When I got back from Florida last year, I started a small emersed setup in my office to keep some of the cryptocorynes we bought there. First, an emersed setup is one that allows you to grow your plants terrestrially, or out of the water. Really, all that is required is a light, a closed container to maintain proper humidity, and some sort of fertilization plan. It’s not much different from starting seeds or a lite version of hydroponics.

Emersed Setup

Why would any planted aquarium keeper want an emersed setup? There are many reasons, but one good reason is to more quickly grow out enough plants to start a new aquascape. It’s also a good place to store plants that you want to keep, but don’t want in your current aquascape.
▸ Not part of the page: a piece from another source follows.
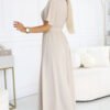 Subtle, feminine, and extremely elegant, the beige maxi dress made of light chiffon is a perfect choice for many occasions. It will work perfectly for a wedding, communion, baptism, family gatherings, romantic dinner, and even as a bridesmaid dress. The wrap neckline beautifully accentuates the bust, and the waist tie optically shapes the silhouette and accentuates the waist. Airy sleeves and a flared bottom add lightness and class to the whole look. The beige color adds chic and fits many types of beauty.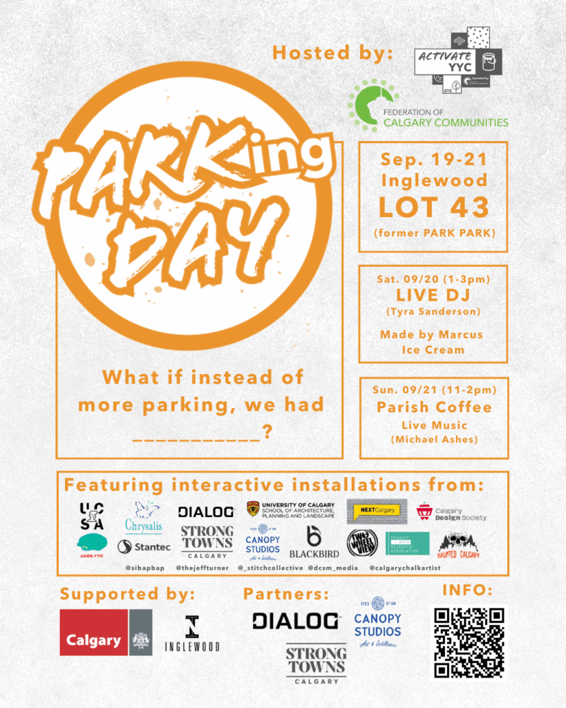The City of Calgary ran Park(ing) Day from 2017-2021, and after a brief hiatus, ActivateYYC reimagined the event in 2024. Hosted in partnership with the Kensington BIA. Join us Sept 19-21, 2025 in Inglewood!

Or, you can use one to flower your plants for get seeds, or just simply to see what the terrestrial version of a plant/flower looks like.

Dome and Emersed Tank

I started with a simple seed-starting tray and dome (above) from the hydroponics store. Make sure to get a high dome so that there’s room for your plants to grow vertically. Just recently, I transferred all of my plants from that dome/tray setup into a 10G aquarium in order to gain even more height.

Moss Pot

I use mostly coconut-fiber pots filled with a mixture of leaf compost and ADA Aquasoil. This is especially good for most cryptocorynes, but works for other plants as well. Then, after planting each plant, I lightly cover the surface of the soil mixture with moss. Mosses have a natural anti-fungal agent that helps to prevent your plants from being overwhelmed with white-fuzzy-fungus that can easily ruin the whole setup. After that, I fill the container to a water level of about an inch below the rim of the pots. This supplies the pots with a constant water source. Finally, I’m using plain fluorescent strip lights over top, and a small powerhead to circulate water around the tank.

Emersed Tank

CO2 is not a concern because it is abundant in the atmosphere. Algae doesn’t grow out of the water, so all of your leaves will be algae free. These two things are the largest reasons many of the large aquatic plant nurseries grow their plants emersed before they arrive at your local fish store. For fertilizers, you can use hydroponics solutions, dry ferts, or even aquarium liquid ferts.

Anubias nana 'petite'

Currently, I’m growing Cryptocoryne moehlmannii, Utricularia graminfolia, and several Anubias barteri nana ‘petite’. I want to build up a nice supply of A. ‘petite’ for some upcoming aquascapes. I’m curious to try and flower the Utricularia, and I just haven’t managed to move the crypt to a tank. I hope to expand the number of plants grown this way now that I have more space in my 10G aquarium.